Pure store of value: physical assets such as works of fine art.
Pure medium of exchange: game and ride tokens at an amusement park.
Pure unit of account: the Special Drawing Rights used by the IMF to keep track of foreign currency holdings of its members.
Poker chips are an interesting case. During a game, they act as a unit of account, providing a measurement of who’s winning by how much. Outside a game, they act as a medium of exchange, as many casinos will accept the chips as payment for goods and services.
So yes, you’re right these functions can exist separately. I’m much less convinced of the usefulness of redefining the term. What new insight does one gain by calling Special Drawing Rights “money”? Still, if you are going to add more details in future posts or in your upcoming book, I’ll be pretty interested to see your explanations.
I appreciate all your comments. I’ve been “chewing” on this idea for a few years now, and admittedly, am still working through it. The blog is filled with iterations in articles and podcasts (a bunch are referenced at the end of this article, in the report linked here, in interviews, etc.). This perspective greatly impacted my approach to economics, finance, and investing for the better.
I haven’t seen anything new here recently, so I’ll wrap up. I previously posted claiming that value isn’t something that can be objectively measured. The reply was along the lines “yes but the prices are open and universal.” In that case, it seems to me the definition “money is the unit of measurement for value” boils down to “money is the unit in which prices are quoted,” and the definition of a price is “the quantification used for regulating the exchange of goods in the market.” The “unit” part of this definition corresponds to the “unit of account” role of money in conventional definitions found in standard economics texts, and the “exchange of goods” part of this definition corresponds to the “medium of exchange” role in such definitions. Am I wrong? If so, how and why?

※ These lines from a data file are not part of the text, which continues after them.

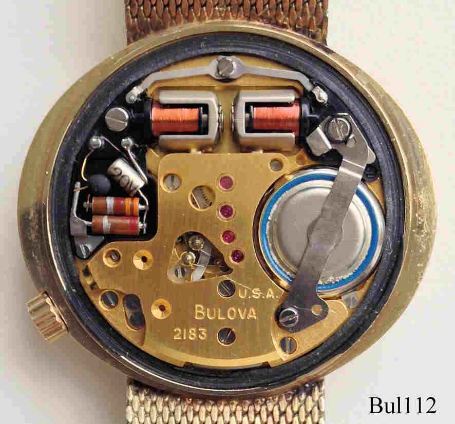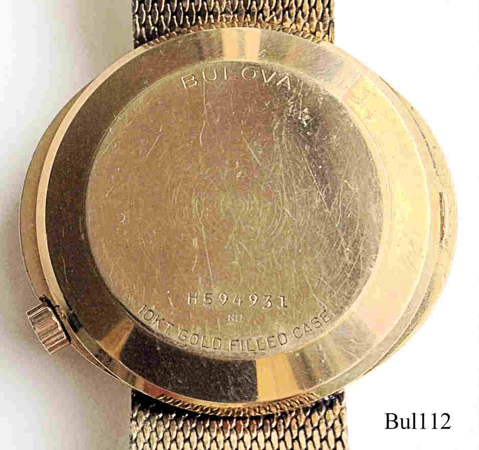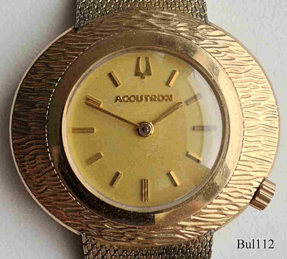 Eine Bulova Accutron mit ovalem 10 K vergoldetem Gehäuse ohne Zentralsekunde, goldenes Zifferblatt, Beschriftet vorn: ”Accutron”, hinten: “BULOVA, H594931, N0”, innen: “U.S.A. Bulova, 2183”. Case # B3022, Kaliber 2183, Herstelldatum 1970 (N0), Krone bei 4, integriertes 10K vergoldetes Champion Gliederarmband.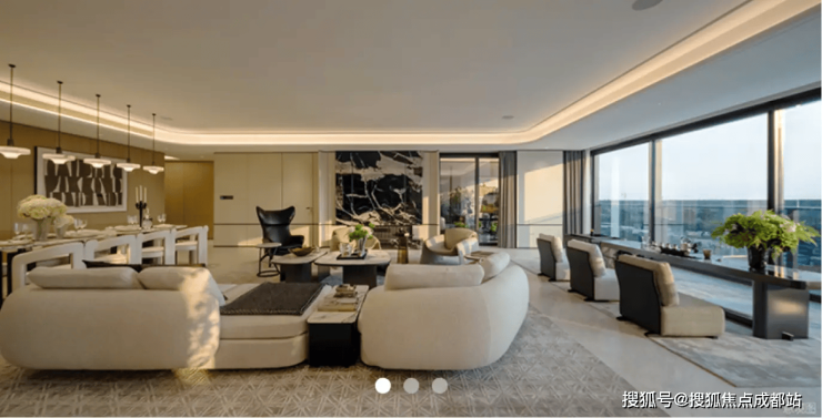 建筑外立面采用90%玻璃幕墙+天然奢石,帆船造型屋顶致敬纽约One57,打造城市地标。园林以《山海经》为蓝本打造30000㎡立体园林,利用12米高差营造层次感。全系奢装标配嘉格纳7-8件套、当代/劳芬等国际品牌,装标达1.2-1.5万元/㎡。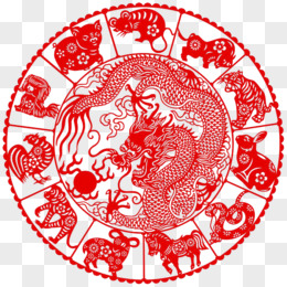 红色十二生肖剪纸龙手绘设计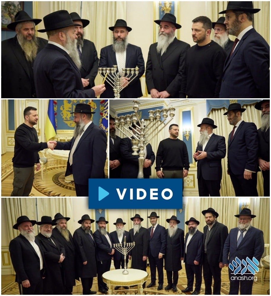Ukrainian President Volodymyr Zelensky lit the first Chanukah candle in his office on Thursday evening alongside Chabad shluchim who also serve as rabbis in various Ukrainian cities. The initiative for the meeting and lighting came from the Federation of Jewish Communities in Ukraine (FJCU), led by Chabad shliach Rabbi Meir Stambler.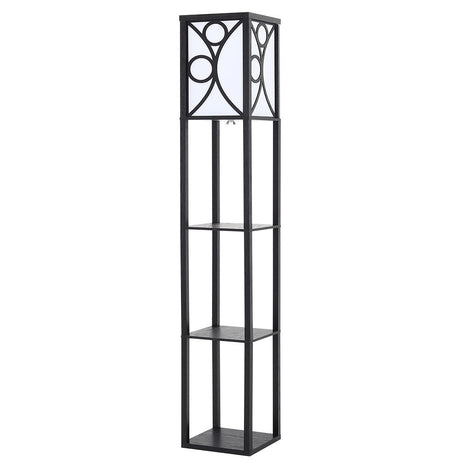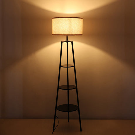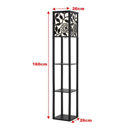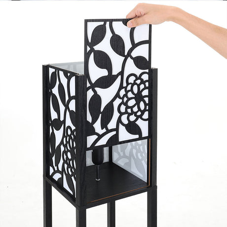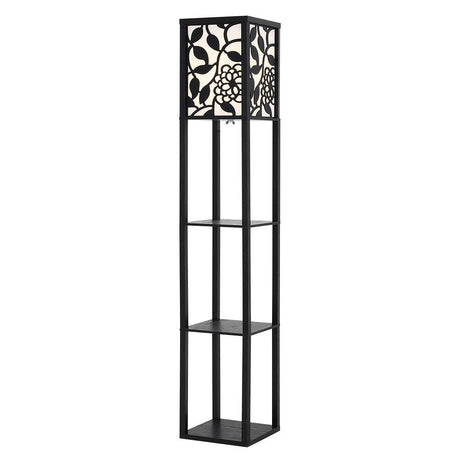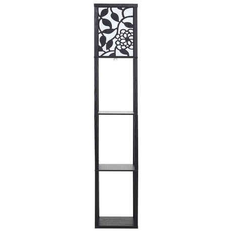 3 in 1 Wooden and Linen Floor Lamp with Shelves,Black Vines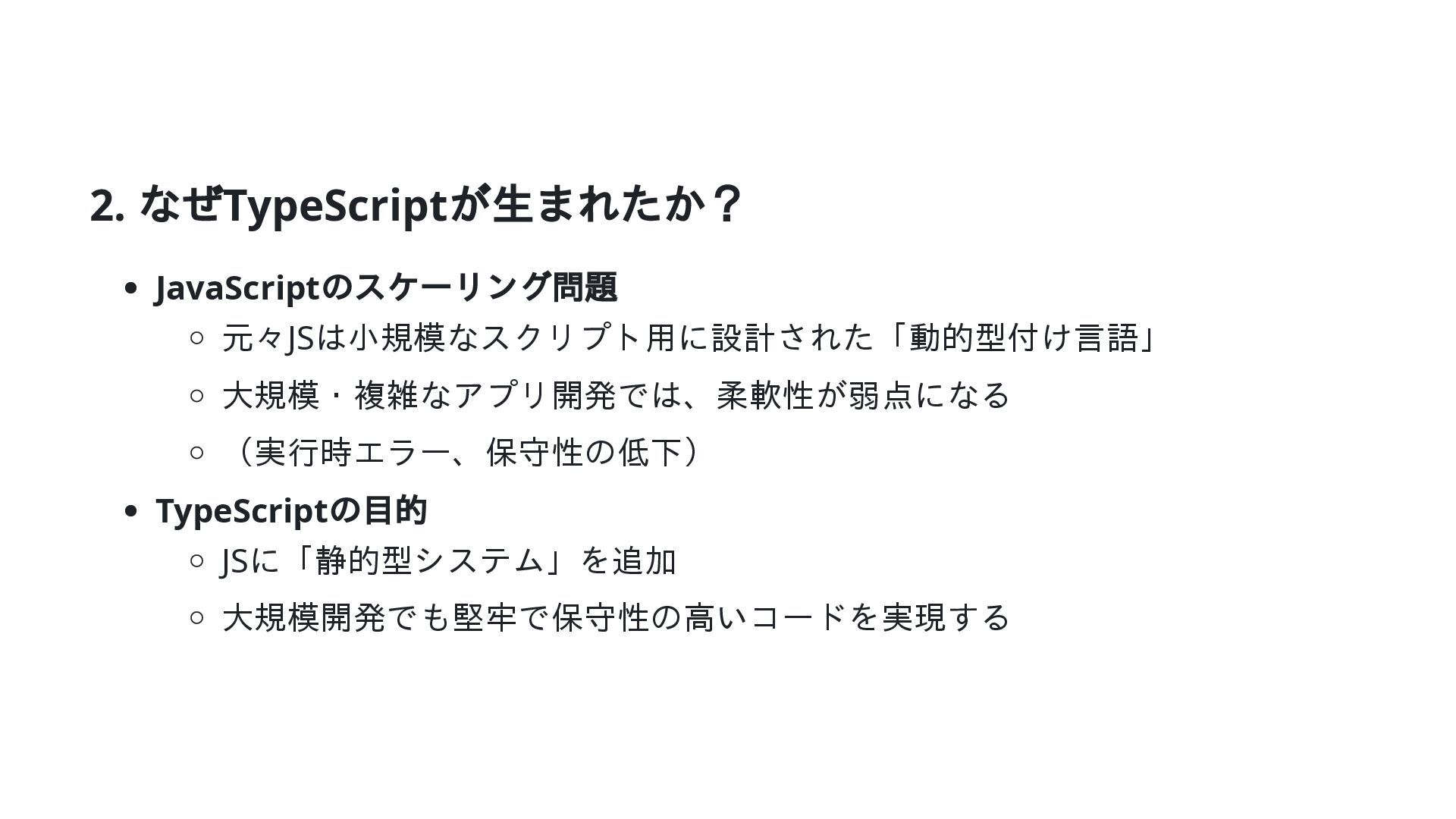 2. なぜTypeScript が生まれたか? JavaScript のスケーリング問題 元々JSは小規模なスクリプト用に設計された「動的型付け言語」 大規模・複雑なアプリ開発では、柔軟性が弱点になる (実行時エラー、保守性の低下) TypeScript の目的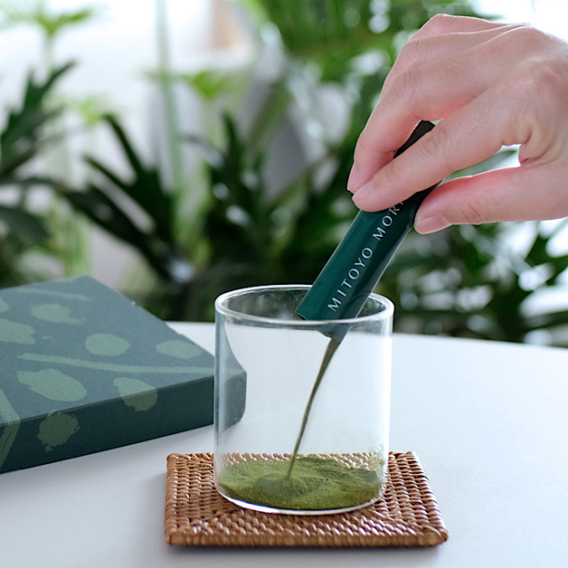 冷水にもサッと溶ける顆粒状、緑茶や抹茶のような芳醇でまろやかな味わいが特徴です。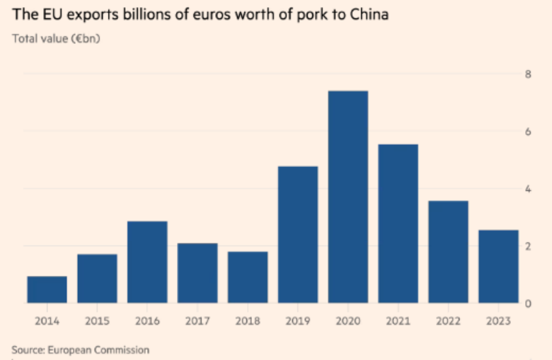 19日,英国《金融时报》发表评论文章称,中国针对欧盟猪肉行业的最新举措,精准地击中了欧盟的软肋。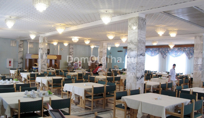 Гости санатория могут не волноваться о завтраках, обедах и ужинах. Здесь Вас ждет уютная столовая санатория, которая рассчитана на двести человек. Прохладительные напитки можно найти в местном баре. Гостям санатория предлагается четырехразовое питание, состоящее из вкуснейших и полезных блюд, которые насыщены витаминами. К тому же здесь учтен и диетический рацион.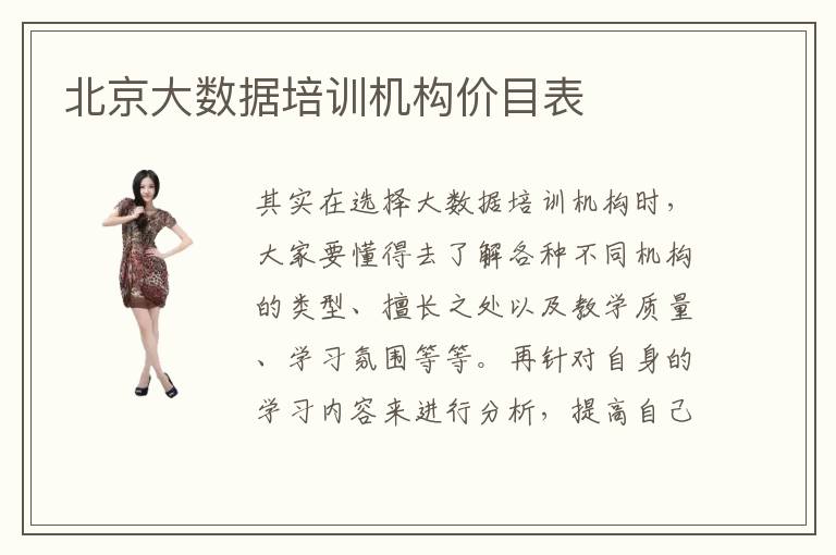其实在选择大数据培训机构时,大家要懂得去了解各种不同机构的类型、擅长之处以及教学质量、学习氛围等等。再针对自身的学习内容来进行分析,提高自己的专业就业能力,当然也可以多对比北京大数据培训机构价目表,找到更加优越的服务项目,又可以节省学习的成本和开支。北京大数据培训机构价目表多少钱,可能是3000元到9500元,但是这些账目表只是一个大概的区间,因为有很多课程内容,其实价格方面都存在差异。北京大数据培训机构价目表大概范围,要看各种培训的方案、难度以及学校的收费标准、教学的质量、口碑等等。如果学校的管理模式,经验和教学质量比较优越,而且口碑也比较好,那么未来的优势也会突出一点。但是如果学校的口碑不太好,专业的经验也有限,那么可能就很难让学生得到满意的成绩。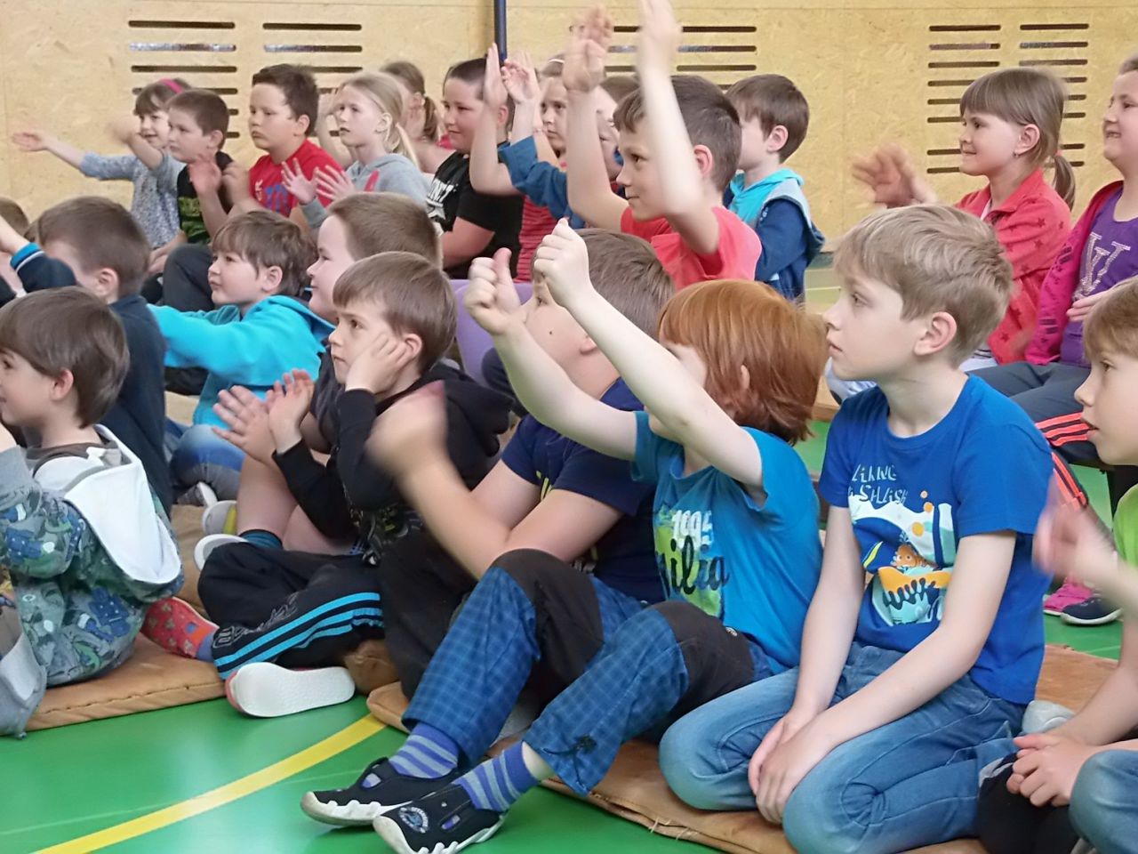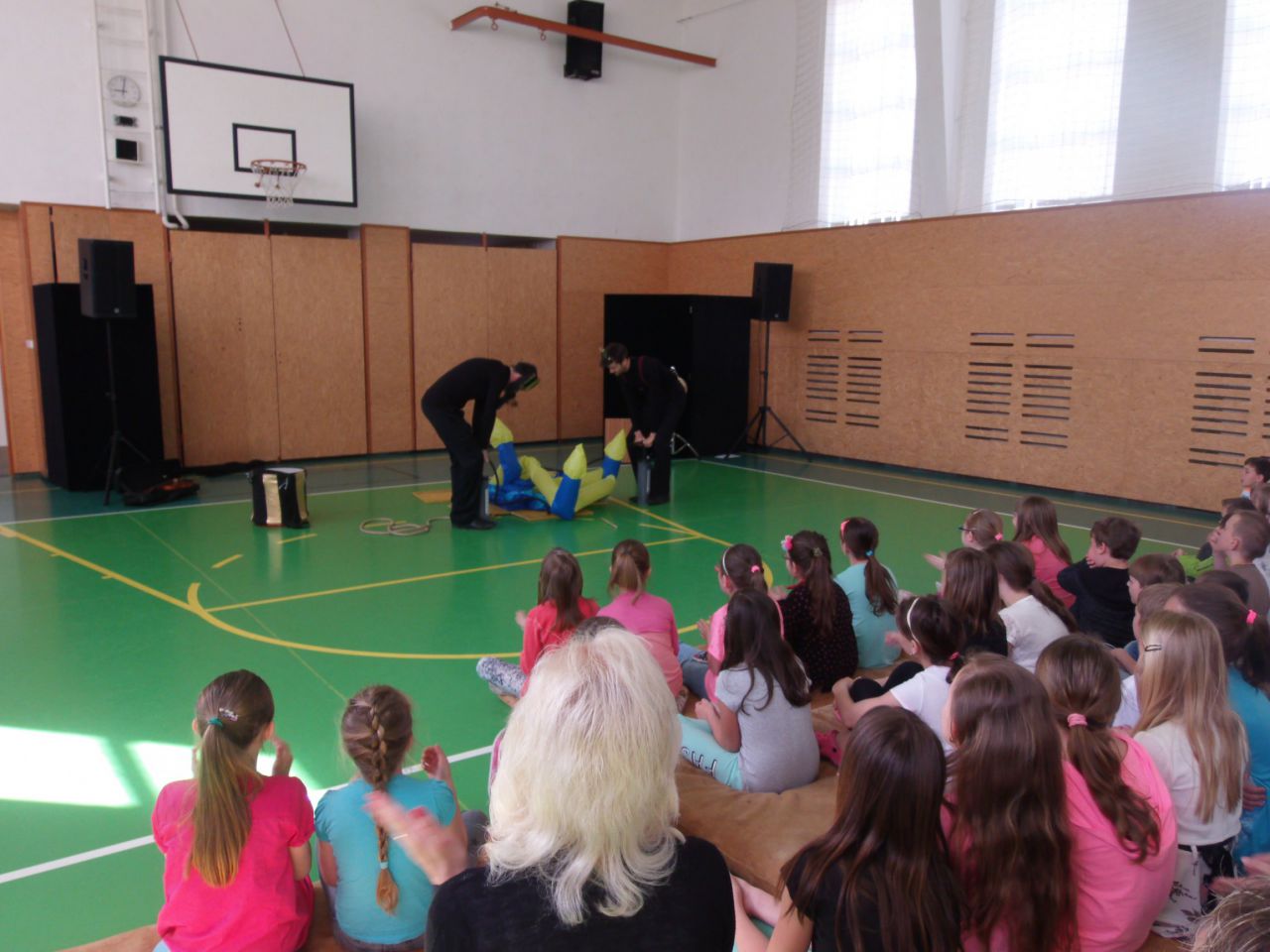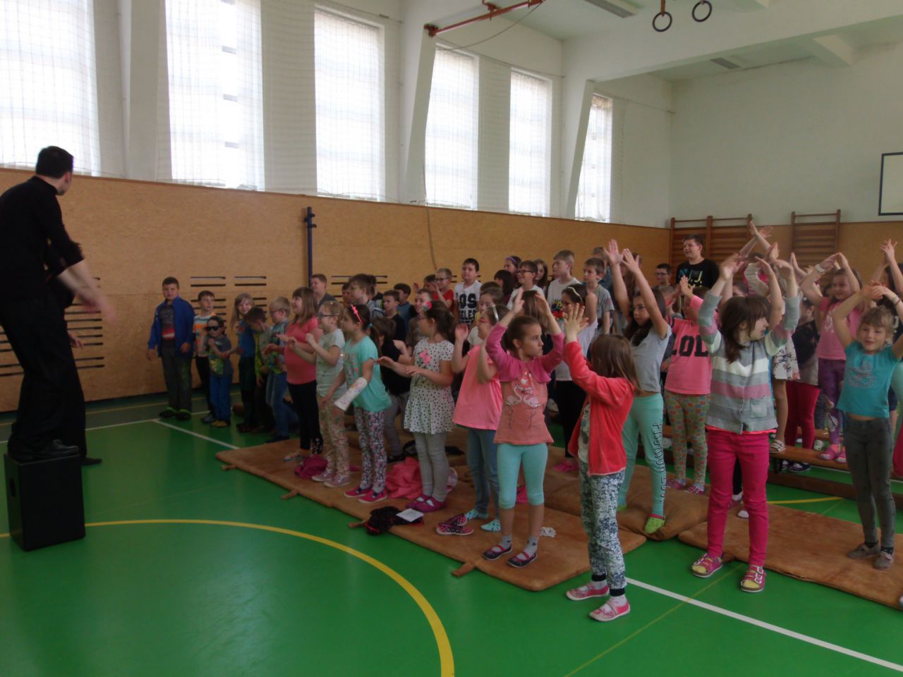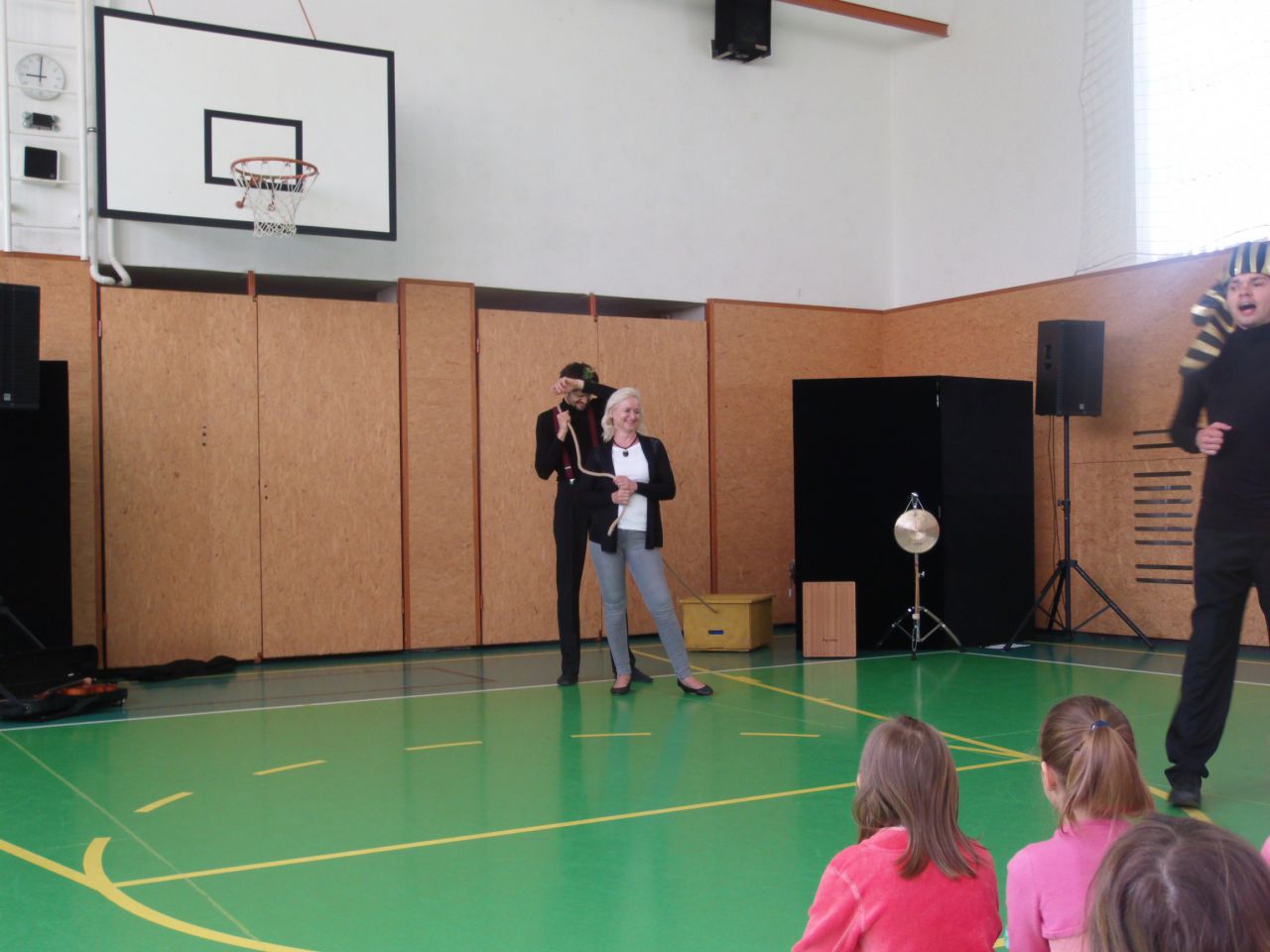 Ve čtvrtek 18.5. k nám zavítali profesionální hudebníci z Brna, aby dětem z 1. stupně a MŠ přiblížili jednotlivá hudební období - pravěk, starověk, středověk, novověk a hudbu 20. stolení. Předvedli také důležitost rytmu a hudby pro člověka v těcho historických etapách. Do děje se zapojily i děti a staly se tak součástí velmi zdařilého představení.

Value can be objectively measured, just like an inch can. Pick an objective standard (ie something independently observable, which is what objective means) and then see what price the market ascribes to it in terms of that standard. With length, for example, we use inches. 2 people will equally measure the same distance in terms of inches. The same goes for transactions; they are observable to all. Apples cost $x at retailer XYZ today. That is not disputable. We all see the price. This does not mean that you agree with the value proposition for the item at the stated price. That is separate (and will factor into whether you buy the apples or not). Yes money and “money of account” as Keynes used (I believe) are one in the same. Money is the quantification concept. The monetary standard is the specific language used to express the quantification, like the metric system is one for distance. Price is just the measurement, like 3 cm.
I think you are using “price” interchangeably with “objective value” here, which seems to me to be mere playing with words, but I’ll leave it. On the main point, we seem to agree that “money is a unit of account.” But what do you think of the other point, “medium of exchange”? To my mind, a unit of account makes sense only when meaningful transactions are taking place, i.e. exchanges of products and services.
The third major role we usually see in a textbook definition of money is often called “store of value,” meaning that it should be a relatively stable asset class. In my opinion, while it’s a desirable property for a currency, it’s not essential. A currency that experiences volatility is still a currency. Do you agree with that?
I define money as just a unit of account. I separate medium of exchange and store of value as distinct concepts. I call the former currency and the latter savings. They are applications of money – i.e. they use money. Currency and savings are denominated in money units. Both presuppose the question of how much. How much does the widget cost? How much have I saved for retirement? These concepts require the existence of money first in order to function. The widget costs $5, here’s currency to purchase it. I have $1 million saved for retirement and am in good financial shape. Separating currency and savings clears up lots of monetary confusion and has helped my investing. For example, is gold money? Is gold an inflation hedge? Is crypto money? Does the Fed create money? Do banks make money from thin air? All of these complicated issues melted away once I defined money as just a unit of account.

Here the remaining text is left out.